*YOUR ASSIGNMENT*: Retype the records below exactly as given, but only from the first line through the line with "Inside, the cabin", and without the pictures.

==============================

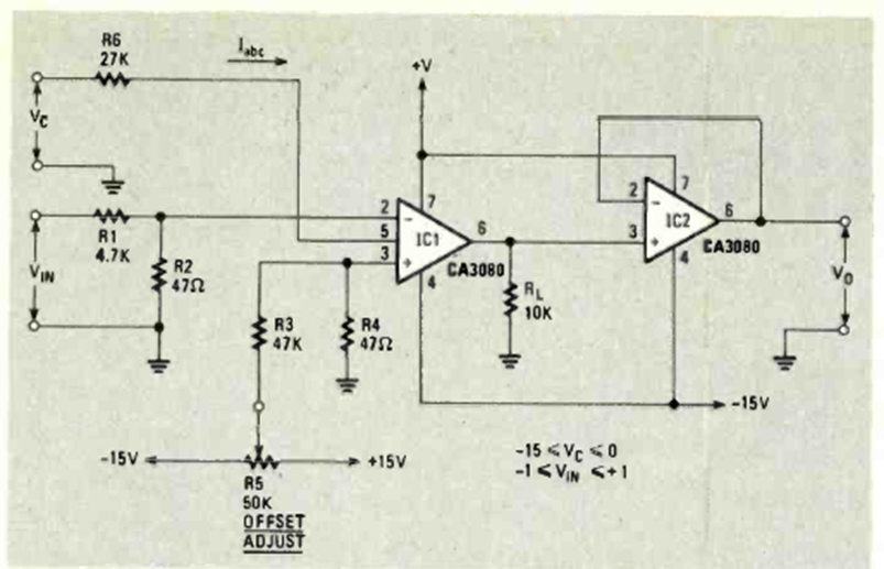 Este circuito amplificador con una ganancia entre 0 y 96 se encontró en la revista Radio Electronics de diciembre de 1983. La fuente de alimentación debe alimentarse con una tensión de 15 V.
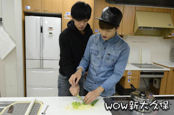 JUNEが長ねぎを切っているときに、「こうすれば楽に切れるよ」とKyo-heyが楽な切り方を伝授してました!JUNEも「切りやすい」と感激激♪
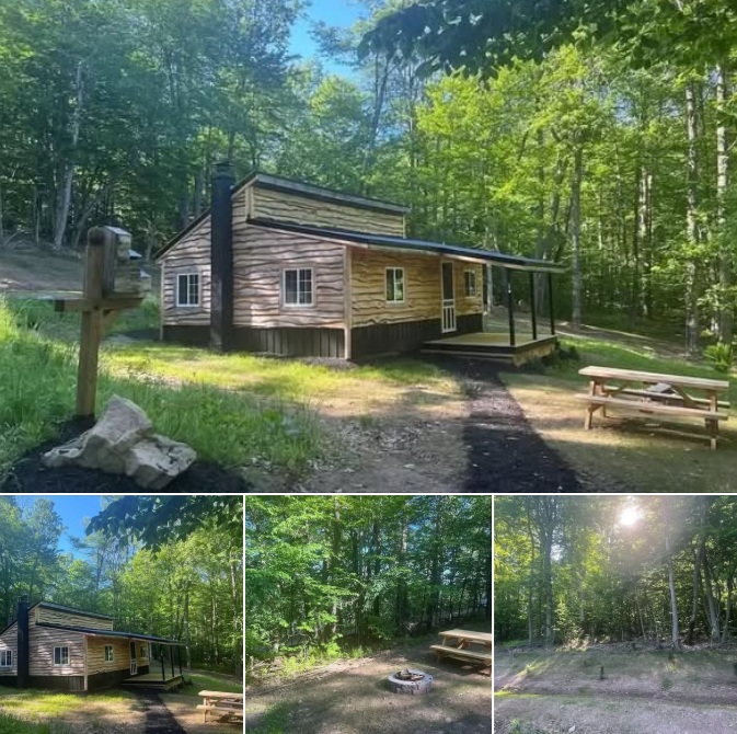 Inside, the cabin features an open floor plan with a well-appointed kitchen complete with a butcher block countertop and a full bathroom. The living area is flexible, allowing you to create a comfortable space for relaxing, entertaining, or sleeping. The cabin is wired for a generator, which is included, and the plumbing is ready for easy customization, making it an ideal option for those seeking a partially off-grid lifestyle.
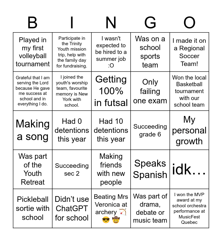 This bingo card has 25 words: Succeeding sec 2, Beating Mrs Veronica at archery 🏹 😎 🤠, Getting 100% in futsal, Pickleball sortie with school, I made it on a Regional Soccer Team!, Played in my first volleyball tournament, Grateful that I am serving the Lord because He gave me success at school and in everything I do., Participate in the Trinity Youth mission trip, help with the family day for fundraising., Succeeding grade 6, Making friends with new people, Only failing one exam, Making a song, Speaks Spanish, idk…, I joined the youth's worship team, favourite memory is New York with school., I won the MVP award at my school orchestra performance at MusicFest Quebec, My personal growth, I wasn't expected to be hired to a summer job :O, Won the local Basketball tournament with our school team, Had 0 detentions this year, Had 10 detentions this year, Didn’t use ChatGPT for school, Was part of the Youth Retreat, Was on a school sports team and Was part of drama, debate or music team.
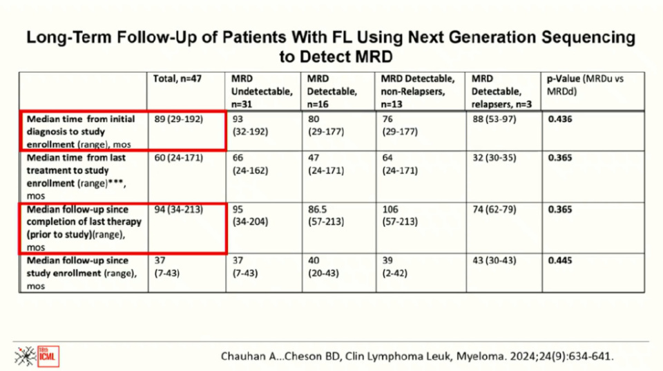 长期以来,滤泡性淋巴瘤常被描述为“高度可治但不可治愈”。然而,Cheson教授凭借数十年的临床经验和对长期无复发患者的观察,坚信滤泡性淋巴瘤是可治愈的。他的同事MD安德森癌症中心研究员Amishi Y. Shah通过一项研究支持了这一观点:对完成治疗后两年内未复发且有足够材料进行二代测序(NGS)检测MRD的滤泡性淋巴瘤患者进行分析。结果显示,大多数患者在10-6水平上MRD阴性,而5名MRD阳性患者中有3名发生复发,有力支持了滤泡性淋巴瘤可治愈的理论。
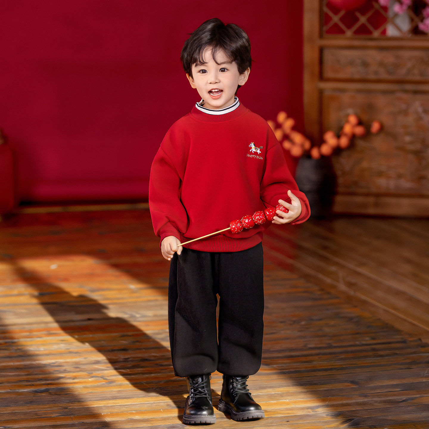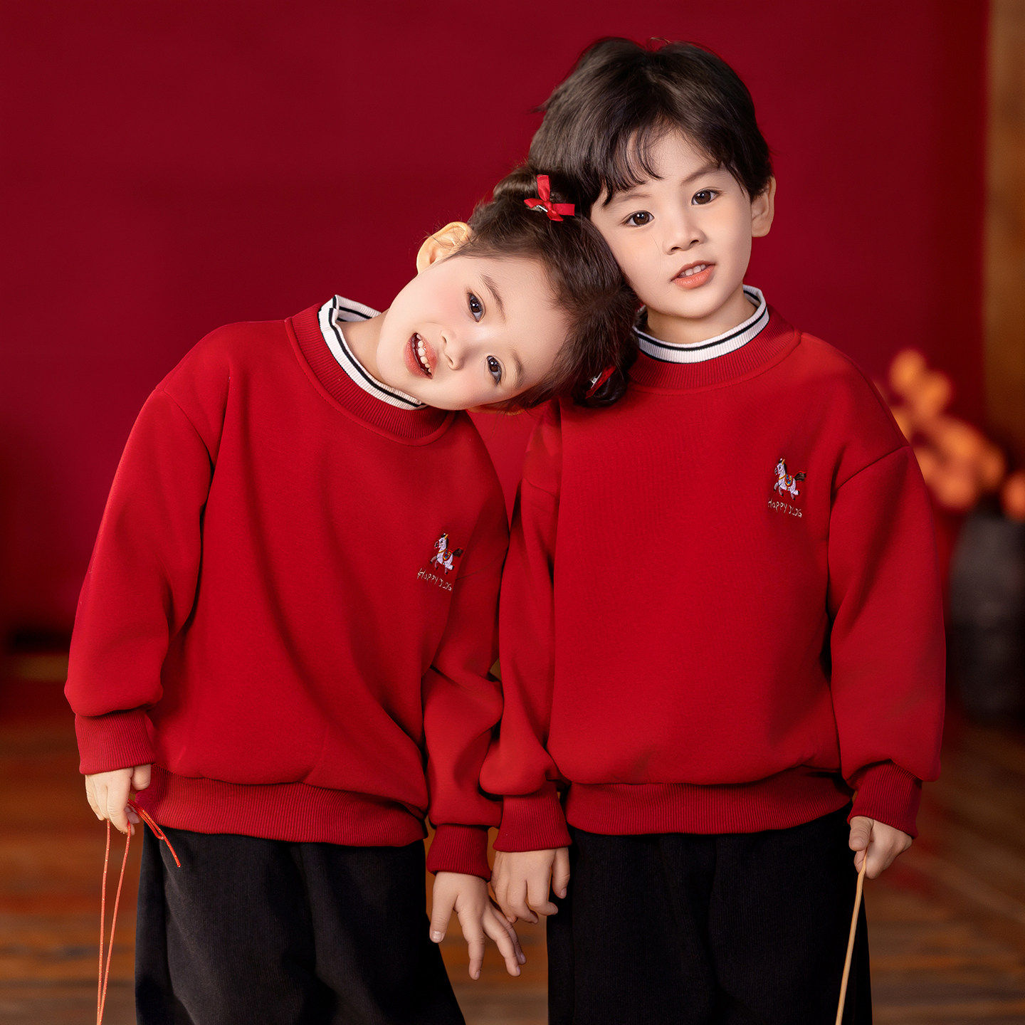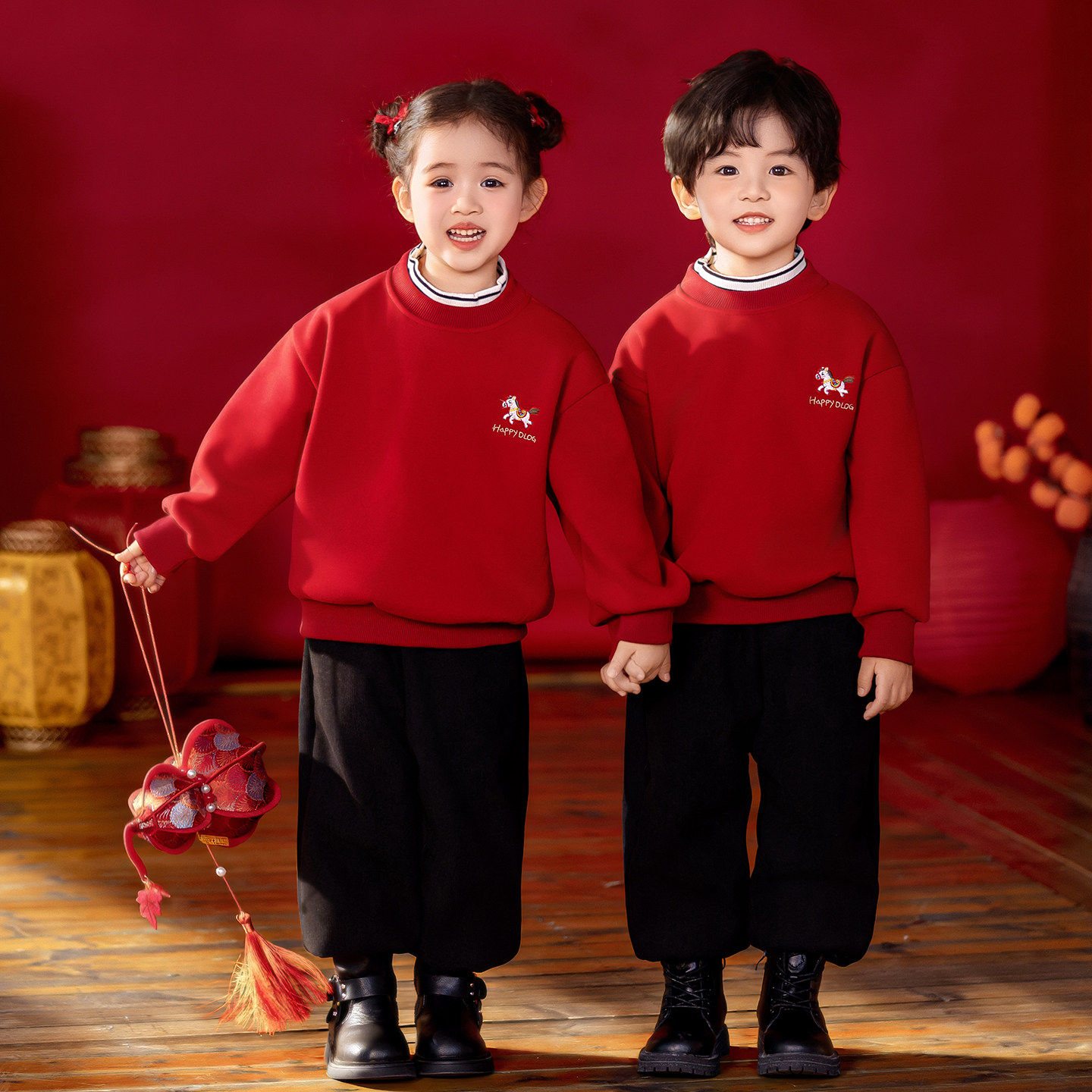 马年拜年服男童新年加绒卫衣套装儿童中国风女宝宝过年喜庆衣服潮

==============================

*YOUR RESPONSE*:
 Este circuito amplificador con una ganancia entre 0 y 96 se encontró en la revista Radio Electronics de diciembre de 1983. La fuente de alimentación debe alimentarse con una tensión de 15 V.
 JUNEが長ねぎを切っているときに、「こうすれば楽に切れるよ」とKyo-heyが楽な切り方を伝授してました!JUNEも「切りやすい」と感激激♪
 Inside, the cabin features an open floor plan with a well-appointed kitchen complete with a butcher block countertop and a full bathroom. The living area is flexible, allowing you to create a comfortable space for relaxing, entertaining, or sleeping. The cabin is wired for a generator, which is included, and the plumbing is ready for easy customization, making it an ideal option for those seeking a partially off-grid lifestyle.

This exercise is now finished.